Mexico’s steel industry GDP recorded a decline of 44.8% in 3Q24, marking the largest drop in the history of the country. The fall was partly due to a blockade of ArcelorMittal facilities by the Mining Union led by Napoleón Gómez Urrutia.

The contraction resulted in the industry’s GDP, reaching its lowest historical value, continuing seven quarters of negative growth. This downturn is now the second-longest recession in Mexico’s steel industry, notes ReportAcero. The most prolonged recession occurred from 4Q18 to 2Q20, during the transition between the presidencies of Enrique Peña Nieto and Andrés Manuel López Obrador, lasting eight consecutive quarters.

The current recession is also the most severe in terms of monetary value. According to INEGI, the industry’s GDP has accumulated MX$334 billion (US$16.4 billion) over the past seven quarters, with an average of MX$47.68 billion per quarter. In comparison, the previous recession from 2018 to 2020 saw an accumulated GDP of MX$430 billion, averaging MX$53.73 billion per quarter.

ReportAcero noted both recessions occurred during López Obrador’s administration. The five best quarters in the steel industry’s history were during Felipe Calderón’s presidency, including the top two in 1Q08 and 2Q08. 

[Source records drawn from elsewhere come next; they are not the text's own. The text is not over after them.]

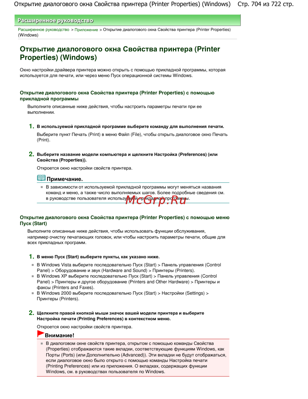 - Стр 704 из 722 стр открытие диалогового окна свойства принтера printer properties windows p.704
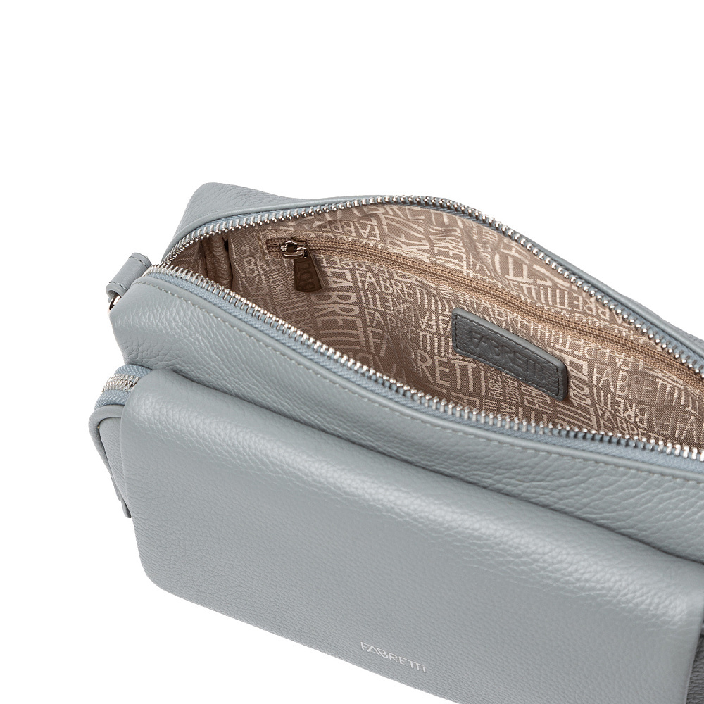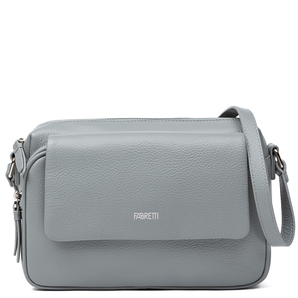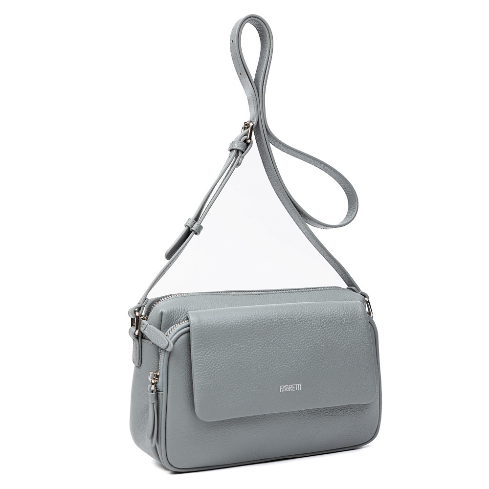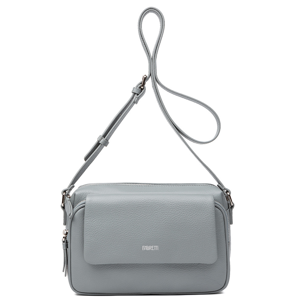 Удобная сумка крос-боди FABRETTI в серо-голубом оттенке выполнена из натуральной высококачественной зернистой кожи, приятной на ощупь. Основное отделение закрывается на полукруглую молнию с кожаным поводком. Внутри 2 кармана для мелочей: открытый и на молнии. На лицевой стороне расположен вместительный накладной карман на полукруглой молнии, скрытый под клапаном на магнитной кнопке, который обеспечивает надёжное закрытие. На тыльной стороне предусмотрен карман быстрого доступа на молнии. Плечевой ремень регулируется по длине, ширина - 1,5 см. Цвет фурнитуры - серебро.
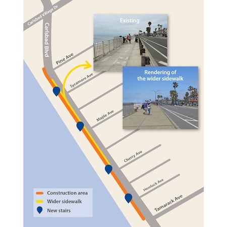 The City of Carlsbad has announced they will soon begin a construction project on the upper sidewalk on Carlsbad Boulevard from Pine to Cherry Streets which sees them removing the protective guardrail that has made this stretch of sidewalk a favorite for walkers and stroller pushers for decades.
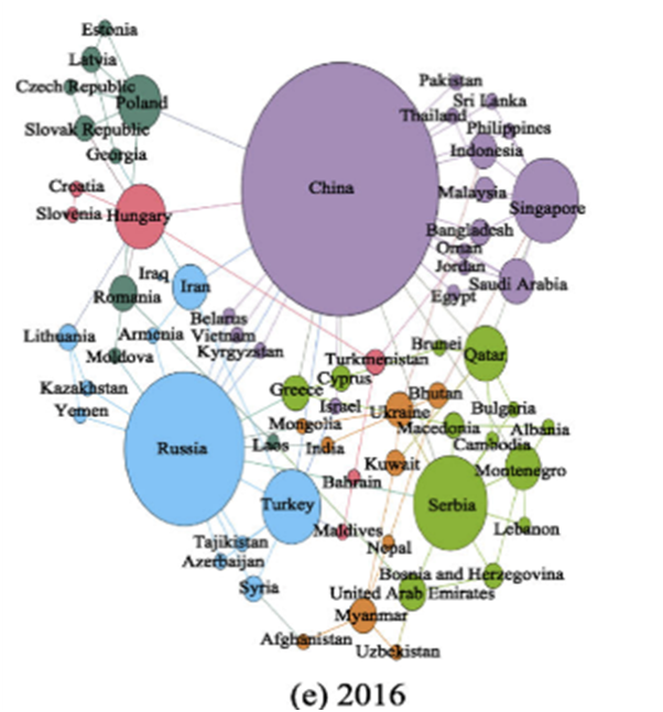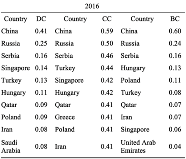Furthermore, in a paper written by four Chinese scholars, Liu Zhigao, Wang Tao, Jung Won Sonn, and Chen Wei, designed to analyze the evolution of the BRI, a metric of centrality was established to study the role of various countries in economic trends across the world including the BRI. The centrality of major countries in the economic networks across the world influenced small states, and thus the latter gravitated towards them, becoming a part of their ‘community.’ The paper identified three kinds of centrality: degree centrality (DC) which records the number of connections one country has with others; closeness centrality (CC) which is a measure of the geodesic distance of one country to another; and betweenness centrality (BC) that measures how much a country acts as an intermediary or gatekeeper in the trade network.[49] The following table displays the top 10 countries in each kind of centrality influencing global trade in 2016:

The current downturn was largely influenced by a blockade lasting more than two months at ArcelorMittal’s facilities, followed by a three-month delay in restarting operations. On May 24, 2024, workers from Section 271 of the SNTMMSRM blocked ArcelorMittal's steel plant over dissatisfaction with profit-sharing (PTU) payments. ArcelorMittal stated it followed legal provisions regarding payments and offered a 10% PTU, above the legal limit. Víctor Cairo, CEO, ArcelorMittal urged workers to reconsider their demand for a 32% PTU, which he deemed illegal. The Federal Labor Court and the Fifth District Judge in Mexico City ruled the strike premature and procedurally invalid.

The agreement reached between the steel company and the workers mandates that ArcelorMittal increase wages by 8%, provide a package consisting of MX$17,000 (US$836) in grocery vouchers, full compensation for lost wages, and for an external audit to be carried around the 2022 and 2023 fiscal years to ensure the accuracy of PTU payments.

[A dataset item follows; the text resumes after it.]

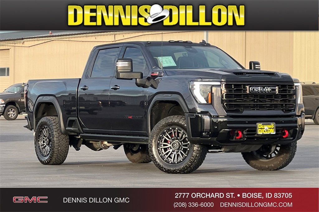 2024 GMC Sierra 2500HD AT4X Titanium Rush Metallic Clean CARFAX.Welcome to Dennis Dillon GMC, your trusted destination for a no-hassle, no-haggle car buying experience. At our dealership, we pride ourselves on offering the best upfront prices no surprises, just exceptional value. From the moment you walk through our doors, youâll receive our lowest, most competitive price without the need for negotiation. Weâre committed to providing a straightforward, stress-free experience, so you can drive away feeling confident and satisfied with your purchase!10-Speed Automatic, 4WD, Obsidian Rush Leather, 12 Speakers, 120-Volt Bed Mounted Power Outlet, 120-Volt Instrument Panel Power Outlet, 16-Way Power Driver Seat Adjuster w/Lumbar, 16-Way Power Passenger Seat Adjuster w/Lumbar, 2 Charge-Only Rear USB Ports, 2 Charge/Data USB Ports Inside Center Console, 2 USB Ports, 2-Speed Active Transfer Case, 220-Amp Alternator, 4-Wheel Disc Brakes, ABS brakes, Air Conditioning, Alloy wheels, AM/FM radio: SiriusXM with 360L, Apple CarPlay/Android Auto, Auto High-beam Headlights, Auto-dimming door mirrors, Auto-dimming Rear-View mirror, Automatic Emergency Braking, Automatic temperature control, Bed View Camera w/2 Trailer Camera Provisions, Bose Premium Series 12-Speaker System, Brake assist, Buckle to Drive, Compass, Deep-Tinted Glass, Delay-off headlights, Driver door bin, Driver Memory, Driver vanity mirror, Dual front impact airbags, Dual front side impact airbags, Electric Rear-Window Defogger, Electronic Stability Control, Emergency communication system: OnStar and GMC connected services capable, Engine Block Heater, Exhaust Brake, Floor-Mounted Center Console, Following Distance Indicator, Forward Collision Alert, Front anti-roll bar, Front Bucket Seats, Front Center Armrest, Front dual zone A/C, Front fog lights, Front License Plate Kit, Front Pedestrian Braking, Front Prem Floor Liners w/Removable Carpet Insert, Front Rain-Sensing Wipers, Front reading lights, Front wheel independent suspension, Full Grain Leather Seat Trim, Fully automatic headlights, Garage door transmitter, Gloss Black Door Handles, Gloss Black Header Grille & Grille Insert Bars, GMC Connected Access Capable, Gooseneck/5th Wheel Prep Package, HD Surround Vision, Heads-Up Display, Heated 2nd Row Outboard Seats, Heated door mirrors, Heated Driver & Front Outboard Passenger Seats, Heated front seats, Heated rear seats, Heated steering wheel, Heavy-Duty 80 Amp Battery, Hill Descent Control, Hitch Guidance w/Hitch View, Hitch Package (LPO), Illuminated entry, In-Vehicle Trailering System App, Inside Rearview Auto-Dimming Rear Camera Mirror, Integrated Trailer Brake Controller, IntelliBeam Automatic High Beam On/Off, Keyless Open & Start, Lane Departure Warning System, Leather steering wheel, LED Cargo Area Lighting, LED Smoked Amber Roof Marker Lamps, Low tire pressure warning, Manual Tilt-Wheel/Telescoping Steering Column, Memory seat, Multicolor 15 Diagonal Head-Up Display, Occupant sensing airbag, Off-Road Suspension, OnStar & GMC Connected Services Capable, Outside temperature display, Overhead airbag, Overhead console, Panic alarm, Passenger door bin, Passenger vanity mirror, Pickup Box, Power door mirrors, Power driver seat, Power Front Passenger Windows w/Express Up/Down, Power moonroof, Power passenger seat, Power Sliding Rear Window w/Defogger, Power steering, Power Sunroof, Power windows, Preferred Equipment Group 4SG, Premium audio system: Premium GMC Infotainment System, Push Button Start, Radio: AM/FM w/Premium GMC Infotainment System, Rain sensing wipers, Rear Cross Traffic Alert, Rear Prem Floor Liners w/Removable Carpet Insert, Rear reading lights, Rear seat center armrest, Rear step bumper, Rear Wheelhouse Liners, Rear window defroster, Remote keyless entry, Remote Vehicle Starter System, Safety Alert Seat, Security system, SiriusXM w/360L, Speed control, Speed-sensing steering, Split folding rear seat, Spray-On Bedliner w/AT4 Logo

Additional Challenges for the Sector 

In an interview with MBN, Arturo Tronco, CEO, Peña Colorada, highlighted the unique challenges of mining iron ore in Mexico. He explained that the large production volumes create significant logistical difficulties, particularly with transportation. Additionally, Tronco pointed out that profit margins in iron ore mining are narrower compared to precious metals, as the primary consumers are industrial clients rather than high-value end markets.

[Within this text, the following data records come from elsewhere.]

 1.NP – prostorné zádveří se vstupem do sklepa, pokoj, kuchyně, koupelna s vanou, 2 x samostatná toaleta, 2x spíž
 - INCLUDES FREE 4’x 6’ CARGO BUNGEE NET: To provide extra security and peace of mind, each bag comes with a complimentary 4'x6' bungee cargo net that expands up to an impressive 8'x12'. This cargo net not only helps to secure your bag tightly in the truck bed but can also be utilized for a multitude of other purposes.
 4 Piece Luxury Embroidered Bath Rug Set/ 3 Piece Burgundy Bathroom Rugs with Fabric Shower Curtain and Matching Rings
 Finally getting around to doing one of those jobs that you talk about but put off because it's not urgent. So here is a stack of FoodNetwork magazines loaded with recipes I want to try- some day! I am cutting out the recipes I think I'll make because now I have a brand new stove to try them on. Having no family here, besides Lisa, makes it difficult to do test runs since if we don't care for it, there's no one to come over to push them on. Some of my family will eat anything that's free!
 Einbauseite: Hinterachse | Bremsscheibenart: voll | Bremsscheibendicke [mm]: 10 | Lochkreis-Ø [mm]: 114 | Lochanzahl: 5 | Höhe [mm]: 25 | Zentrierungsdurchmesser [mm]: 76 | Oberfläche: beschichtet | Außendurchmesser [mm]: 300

Similarly, the steel industry faces risks from tariffs in the North American market. US president-elect Donald Trump announced plans to impose a 25% tariff on all imports from Canada and Mexico. Although Mexico has a steel deficit with the United States, relying on imports to meet domestic demand, over 77.5% of Mexican steel exports go to the United States. Such a tariff could reduce the competitiveness of Mexican steel products in the US market.